** Task input follows **

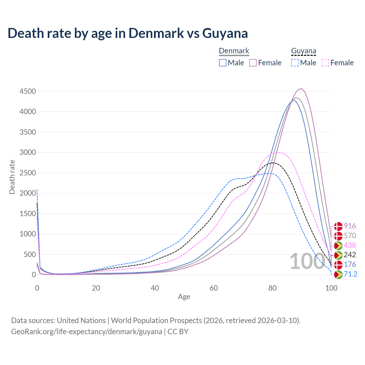 In Denmark, the most common age of death is 88, compared to 80 in Guyana. The median age of death is 85.2 in Denmark and 74.1 in Guyana, meaning only half of each cohort is expected to live past that age.
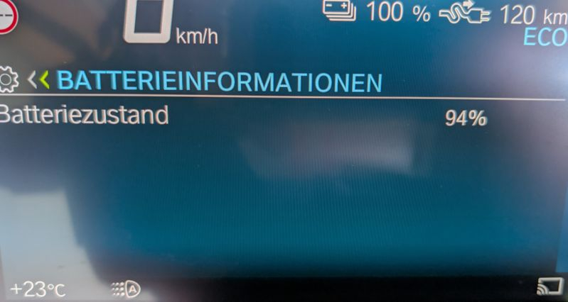 Das sieht doch gut aus, auch wenn nur 93% SOH angezeigt werden. Heute unterbrechungsfreie Runde mit der engen Held Lederjacke, Kleinstrassen überland und einige Ortsdurchfahrten mit 30er Zonen. Lockere Fahrweise mit Spass dabei. 32°C angezeigt. Kühlventilator lief meistens.
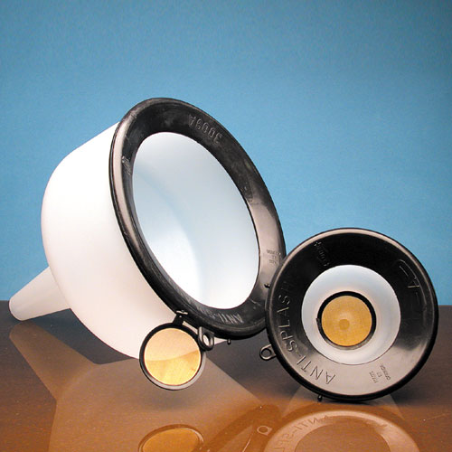 Anti-splash ring eliminates spilling of liquids caused by the swirling action created when a liquid is poured into a funnel. Supplied with an attached 100 mesh filter.
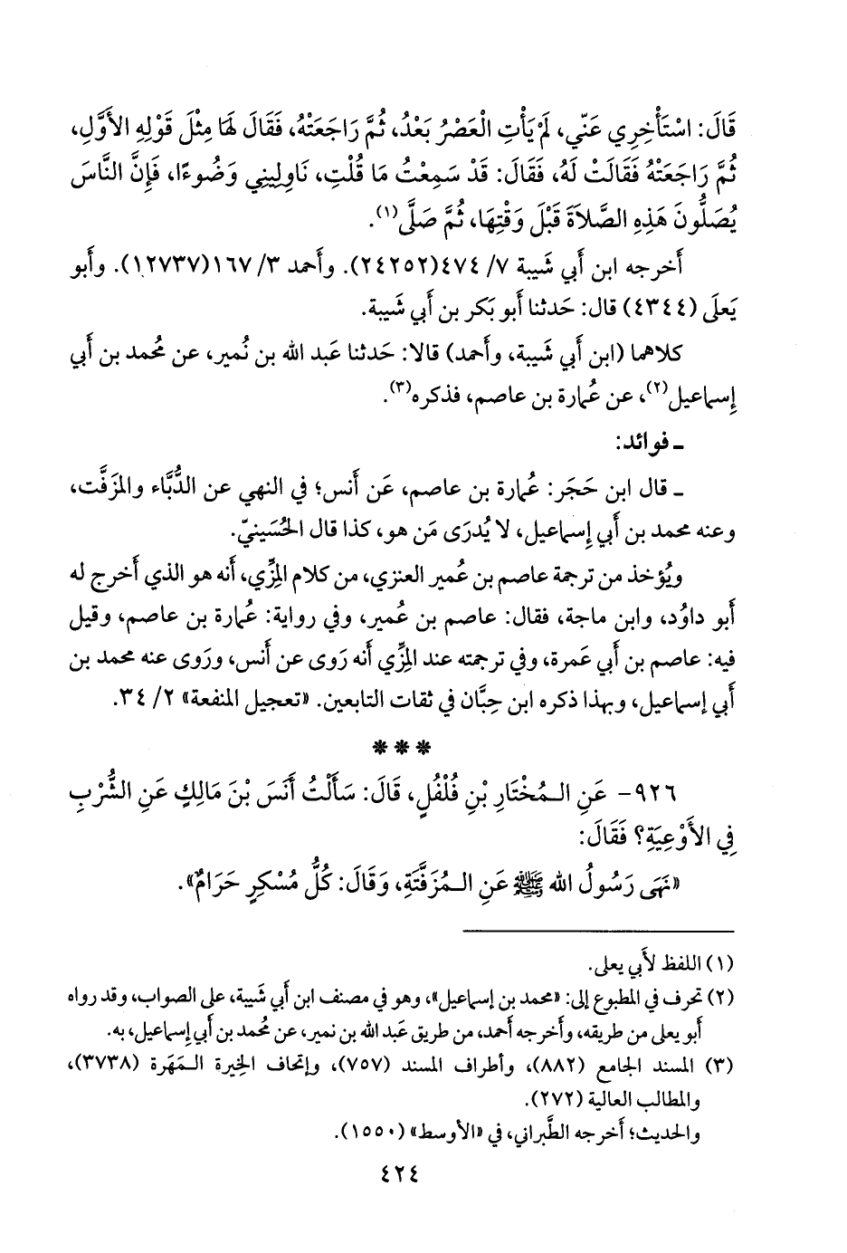 ٩٢٦ - عن المختار بن فلفل، قال: سألت أَنس بن مالك عن الشرب في الأوعية؟ فقال:
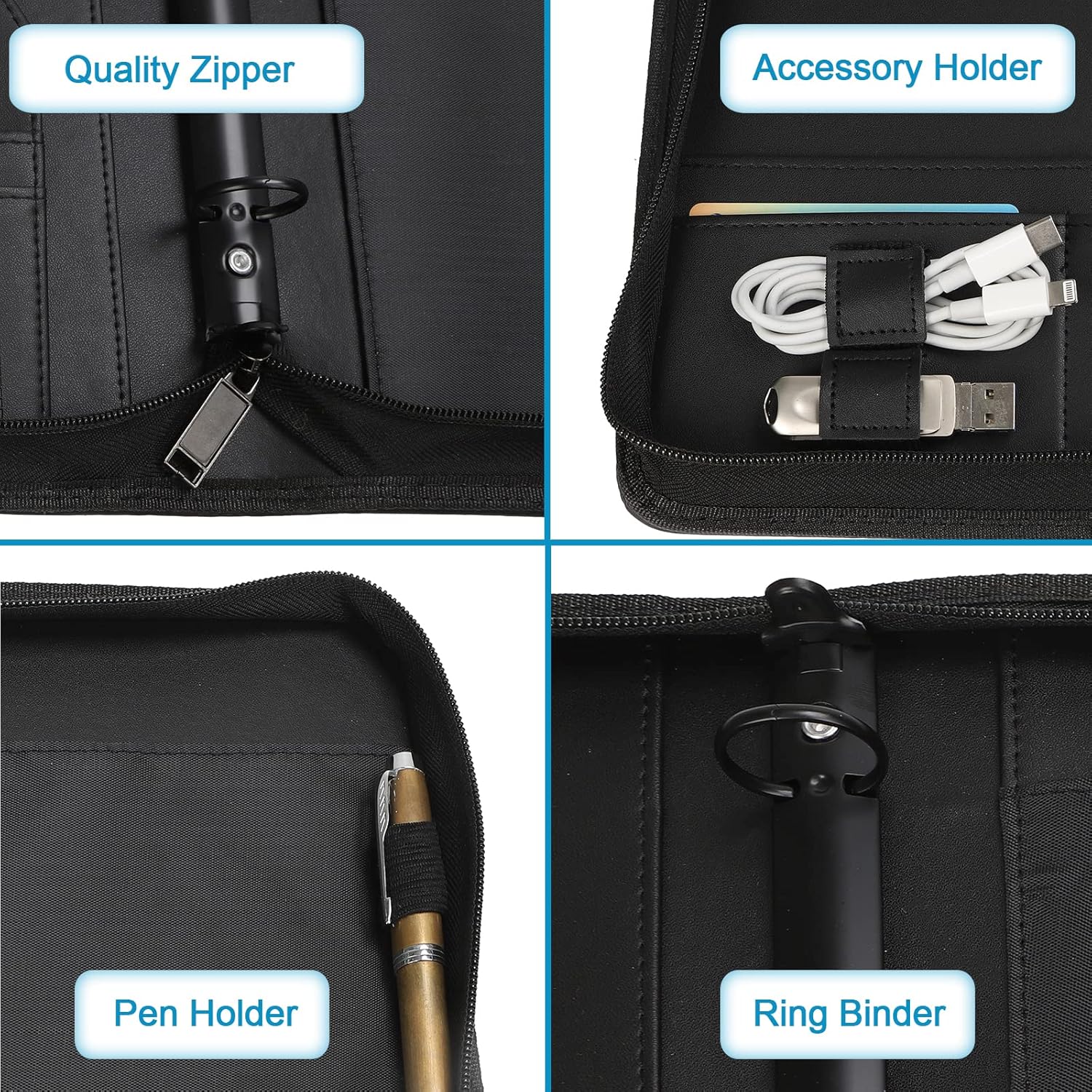 Yodo Zippered Portfolio 3-Ring Binder Business PU Leather Portfolio Interview Resume Legal Document Organizer Notepad Folder Padfolio for Men Women
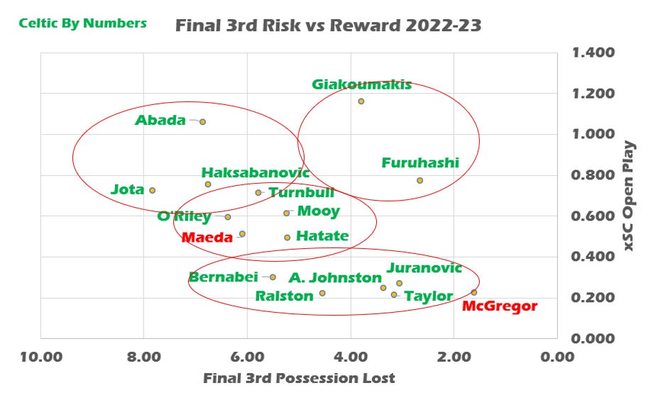 Finally, the outliers. Callum McGregor has the lowest xSC and lowest final third loss numbers. His role is specific to anchoring the midfield and even more so under Ange Postecoglou.

** End of Task input **

* Your instructions
Leave out the pictures and reproduce the rest of the listing exactly.

* Solution to the problem
 In Denmark, the most common age of death is 88, compared to 80 in Guyana. The median age of death is 85.2 in Denmark and 74.1 in Guyana, meaning only half of each cohort is expected to live past that age.
 Das sieht doch gut aus, auch wenn nur 93% SOH angezeigt werden. Heute unterbrechungsfreie Runde mit der engen Held Lederjacke, Kleinstrassen überland und einige Ortsdurchfahrten mit 30er Zonen. Lockere Fahrweise mit Spass dabei. 32°C angezeigt. Kühlventilator lief meistens.
 Anti-splash ring eliminates spilling of liquids caused by the swirling action created when a liquid is poured into a funnel. Supplied with an attached 100 mesh filter.
 ٩٢٦ - عن المختار بن فلفل، قال: سألت أَنس بن مالك عن الشرب في الأوعية؟ فقال:
 Yodo Zippered Portfolio 3-Ring Binder Business PU Leather Portfolio Interview Resume Legal Document Organizer Notepad Folder Padfolio for Men Women
 Finally, the outliers. Callum McGregor has the lowest xSC and lowest final third loss numbers. His role is specific to anchoring the midfield and even more so under Ange Postecoglou.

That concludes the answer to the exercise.